W&L Students Who Are Working on Project: Riley Mitchelson (W&L C’28)

Non-W&L Students Who Are Working on Project: Tashane Booth (U of Pittsburgh)

Funding: National Science Foundation EAR Collaborative Research GEO-CM Grant (2024-2027)

Historical & Potential Future Impacts of Mill Pond Dams on Surface Water Quality

Increased aqueous Fe & Mn concentrations (& associated trace metals) in surface water is linked with the stratification of impounded waters behind dams, negatively impacting surface water quality and surrounding ecosystems. In addition to these geochemical effects, another major consequence of dams includes reservoir infilling with sediments. These legacy sediments are stored behind dams that were constructed in the eastern United States from the earliest days of European settlement until the early 1900s. Legacy sediments can potentially record evidence of land use changes to the land, such as urbanization and industrial and agricultural activities and thus can serve as important archives of colonial and antebellum land use history. The Shenandoah Valley is home to many historical low head dams, primarily used for mills, iron forges, and other hydropower applications. Many of the dams have been breached over the years, either as a result of ongoing fluvial processes, aging infrastructure, or in response to calls for the removal of dams for a host of reasons, including their safety concerns. With this project we are characterizing some of these legacy sediments and corresponding aqueous geochemistry behind dams along the Maury River in Rockbridge County, Virginia. The aim of this work is to better assess their potential for erosion into and contamination of the waterway, and downstream water bodies like the Chesapeake Bay.

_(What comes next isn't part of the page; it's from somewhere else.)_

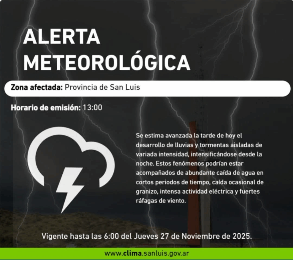La Red de Estaciones Meteorológicas emitió este miércoles a las 13:00 una alerta meteorológica que abarca a toda la provincia de San Luis, ante la probabilidad de que se desarrollen lluvias y tormentas aisladas de variada intensidad durante la tarde, con una posible intensificación hacia la noche.

To learn more about this project, check out the Keck Geology Consortium Website: https://keckgeology.org/2021/01/virginia2021/

PI: Eva C. Lyon

Co-PI: Margaret Anne G. Hinkle

W&L Students Who Have Worked on this Project: Katie Larkin (C’22)

Funding: Keck Geology Consortium

Check out this recording of Eva discussing this work at University of Kentucky’s Geoscience & Environmental Justice in Appalachia series here

Manganese in Springs & Groundwater Wells Across the Shenandoah Valley, VA, USA

Mn contaminated GW wells have been identified in several locations throughout Virginia, including the upper portion of the Shenandoah Valley. Potential geogenic sources of Mn and trace metal contamination in VA groundwater include: dissolution of the aquifer, soil-water or sediment-water interactions, Mn mobilization via desorption from mineral surfaces in the soil-water interface, etc. We are investigating the role of land use patterns, soil geochemistry, aquifer type, and nearby stream compositions on Mn and other heavy metal concentrations in ground and surface waters in the Shenandoah Valley region of Virginia. This region was selected because of the high concentrations of Mn in several wells in this area (McMahon et al. 2018), variable land use practices throughout the region, and potential for Mn and heavy metal inputs from historical ore mining operations. With GW well data supplied through a collaboration with the Virginia Household Water Quality Program (VAHWQP), Mn concentrations in springs are not as well documented in this region. As springs are used as private drinking water sources in this region, we are also analyzing spring water and nearby soil cores throughout the region.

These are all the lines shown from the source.